Konami didn’t commit to hard dates in this reveal, instead providing us with a general roadmap on when certain features will roll out. This is a smart approach by the developers because if something fails to meet a specific date the community won’t bash them for it. But it also creates uncertainty, which is the common theme of this reveal — and not a good approach in general.
Just looking at the roadmap gives us some important insights into what’s to come. Normally, we get a new PES in late August. This is usually the full product with Master League and MyClub included with rosters that might not be updated due to the summer transfer window still being open. At this point, Konami usually adds in DLC, such as stadiums, faces, etc. What 2022 looks like is a basically a demo with nine teams and local play as the sole mode. Disheartening to say the least.

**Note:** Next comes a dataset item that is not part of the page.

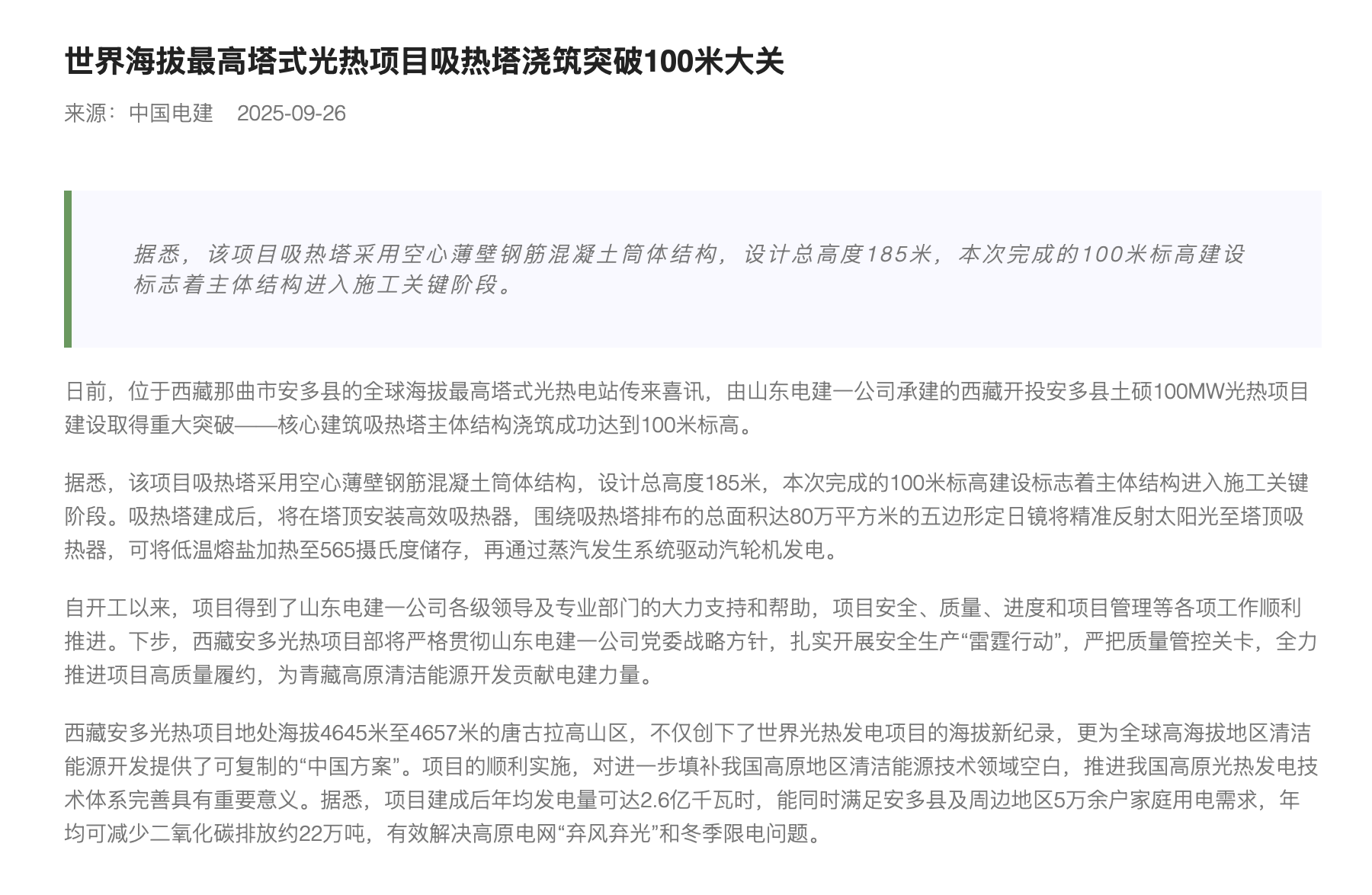世界海拔最高塔式光热项目吸热塔浇筑突破100米大关

Even cross-play won’t be fully functional with only cross-generational (PS5 vs. PS4, Xbox Series X/S vs. Xbox One) play available. Fast forward a little bit to late Autumn and we’ll see both “Online Leagues” as well as “Team Building” being added. We’re two years in the making and Konami doesn’t even have a name for these modes. Unless they’re going to wow us with another underwhelming trailer, it speaks to the lack of foresight by Konami. It’s also at this point that cross-platform matches will open up, as well as the first taste of what will most likely be “death by a million microtransactions” in the form of this Match Pass System.

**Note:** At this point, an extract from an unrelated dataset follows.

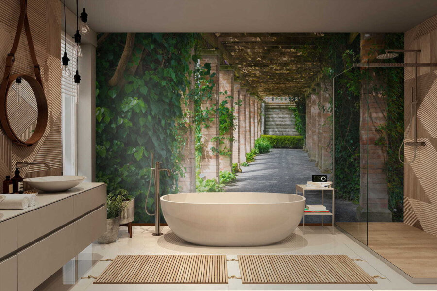 Transform any room into a serene escape with this stunning mural featuring a row of pillars entwined with lush vines. It’s like bringing a secret garden right into your home—perfect for those days when fresh air feels just out of reach. Imagine stepping into a space where nature’s beauty wraps around you, creating a cozy nook for reading or sipping tea. The 3D effect pulls you in, making walls feel alive, almost like you could stroll through this enchanting archway. It’s more than decor; it’s a daily breath of fresh air, without the pesky bugs!

Fast forward some more into Winter and full cross-platform play will be available with controller support for mobile devices included. Nowhere on this roadmap are mentions of Master League or MyClub, the two flagship PES modes. Maybe an announcement on these two will come, but for now it leads to speculation — and speculation within the sports gaming community is almost always negative.
It’s no secret I’m hard on both EA and Konami when it comes to their soccer titles. EA, with all its resources and reach should be closer to a footy simulation by now, but outside factors probably contribute to it being in the place it currently resides. Konami and its “Gameplay is King” or “The Pitch is Ours” catchphrases used to speak directly to the offline community, but now Konami has seemingly pivoted to a new model piggybacking off the player vs. player gameplay experiences that are the rage now. While even the gameplay can vary between Data Packs, there was always a sense that PES was for pushing towards football simulation with the emphasis on gameplay. It’s too early to declare that PES is dead, but one thing is for certain: what we see from eFootball in August will be different than what we have in December.

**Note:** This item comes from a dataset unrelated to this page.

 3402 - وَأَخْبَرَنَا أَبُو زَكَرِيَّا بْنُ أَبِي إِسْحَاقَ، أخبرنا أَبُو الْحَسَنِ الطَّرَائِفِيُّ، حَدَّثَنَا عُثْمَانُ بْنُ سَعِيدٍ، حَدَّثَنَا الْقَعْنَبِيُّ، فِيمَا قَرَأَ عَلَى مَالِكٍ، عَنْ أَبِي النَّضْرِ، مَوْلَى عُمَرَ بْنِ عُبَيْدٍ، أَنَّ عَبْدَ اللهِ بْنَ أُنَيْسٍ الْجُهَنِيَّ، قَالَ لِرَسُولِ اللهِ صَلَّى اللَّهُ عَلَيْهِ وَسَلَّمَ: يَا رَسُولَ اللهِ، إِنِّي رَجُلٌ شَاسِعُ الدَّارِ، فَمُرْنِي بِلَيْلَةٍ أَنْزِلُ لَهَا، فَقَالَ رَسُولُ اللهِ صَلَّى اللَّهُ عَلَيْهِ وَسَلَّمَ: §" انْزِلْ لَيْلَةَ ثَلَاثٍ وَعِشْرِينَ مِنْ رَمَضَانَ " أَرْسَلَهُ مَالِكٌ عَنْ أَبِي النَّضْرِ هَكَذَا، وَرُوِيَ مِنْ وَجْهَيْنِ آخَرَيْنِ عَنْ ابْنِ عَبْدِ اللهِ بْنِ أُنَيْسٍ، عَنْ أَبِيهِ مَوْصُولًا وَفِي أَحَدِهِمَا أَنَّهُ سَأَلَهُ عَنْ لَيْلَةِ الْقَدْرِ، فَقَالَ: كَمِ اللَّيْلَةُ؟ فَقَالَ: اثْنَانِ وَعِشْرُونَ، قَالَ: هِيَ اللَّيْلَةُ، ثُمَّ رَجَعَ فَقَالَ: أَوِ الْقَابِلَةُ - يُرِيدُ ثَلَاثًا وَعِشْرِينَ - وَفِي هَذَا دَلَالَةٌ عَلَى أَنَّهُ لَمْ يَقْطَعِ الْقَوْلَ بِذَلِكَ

Personally, I’m extremely disappointed in this announcement. We’ve waited two years for a significant upgrade to eFootball PES 2020 utilizing the power of the Unreal Engine and next-gen systems, only to see what looks like mobile graphics scaled down to appeal to the mobile gaming community. If the changes to Master League are minimal and the graphical upgrades have indeed been stunted to make a level playing field, then many of us will be left with a difficult decision to make.
Unfortunately, Konami is testing our patience as more information is not forthcoming until August. In an age where disinformation rules, this is a dangerous strategical approach being taken by Konami and one that could potentially backfire.